On gross examination, the tumor is usually submitted in one mass or as a few large pieces (Fig. 14-53). Ossifying fibromas consist of fibrous tissue that exhibits varying degrees of cellularity and contains mineralized material (Fig. 14-54). The hard tissue portion may be in the form of trabeculae of osteoid and bone or basophilic and poorly cellular spherules that resemble cementum. Admixtures of the two types are typical. The bony trabeculae vary in size and frequently demonstrate a mixture of woven and lamellar patterns. Peripheral osteoid and osteoblastic rimming are usually present. The spherules of cementum-like material often demonstrate peripheral brush borders that blend into the adjacent connective tissue (Fig. 14-55). Significant intralesional hemorrhage is unusual. Variation in the types of mineralized material produced may be helpful in distinguishing ossifying fibroma from fibrous dysplasia, which has a more uniform pattern of osseous differentiation.

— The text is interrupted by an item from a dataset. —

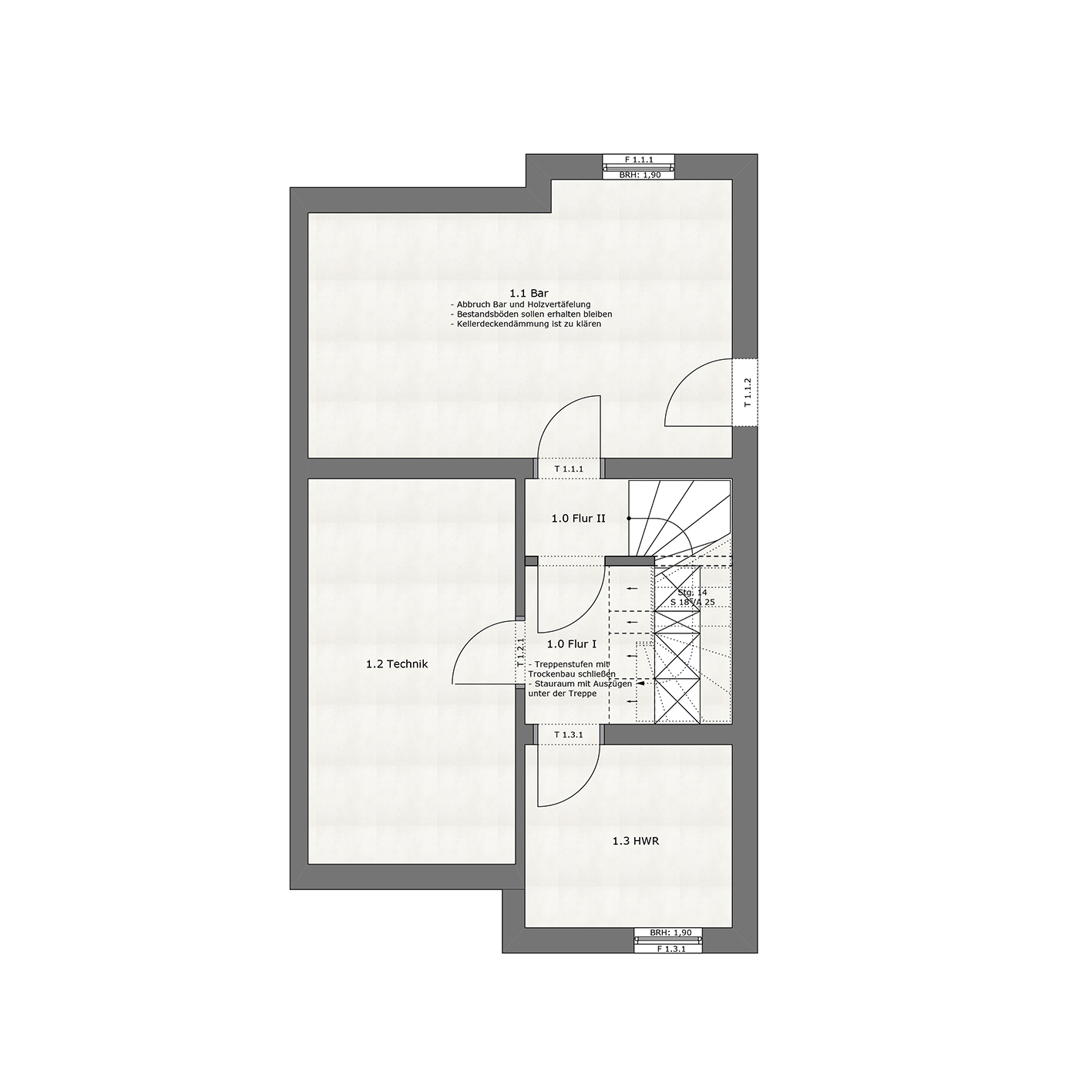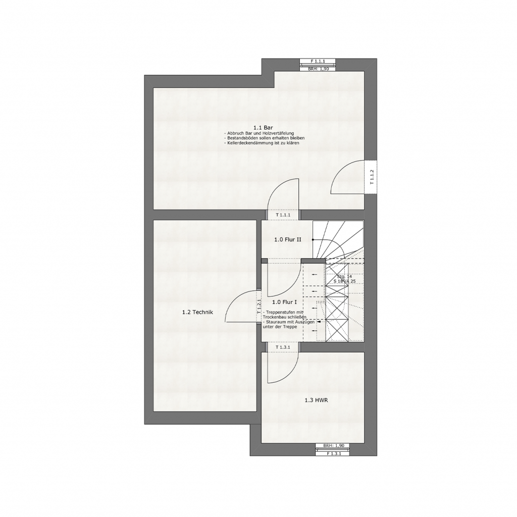Konzept 1 sah vor, im Kellergeschoss eine zusätzliche Trockenbauwand einzuziehen und auch den Treppenaufgang mit Trockenbau zu schließen. So sollte verhindert werden, dass die kalte Kellerluft in den Wohnraum strömt. Der Platz unter der Treppe wurde optimal genutzt: Hier entstand ein maßangefertigter Einbauschrank, der Stauraum für Putzutensilien bietet oder alternativ auch als Erweiterung der Garderobe genutzt werden kann.

Fig. 14-53 Ossifying fibroma. Gross specimen showing a well-circumscribed tumor that shelled out in one piece.
TREATMENT AND PROGNOSIS: The circumscribed nature of the ossifying fibroma generally permits enucleation of the tumor with relative ease. Some examples, however, which have grown large and destroyed considerable bone, may necessitate surgical resection and bone grafting. The prognosis, however, is very good, and recurrence after removal of the tumor is rarely encountered. There is no evidence that ossifying fibromas ever undergo malignant change.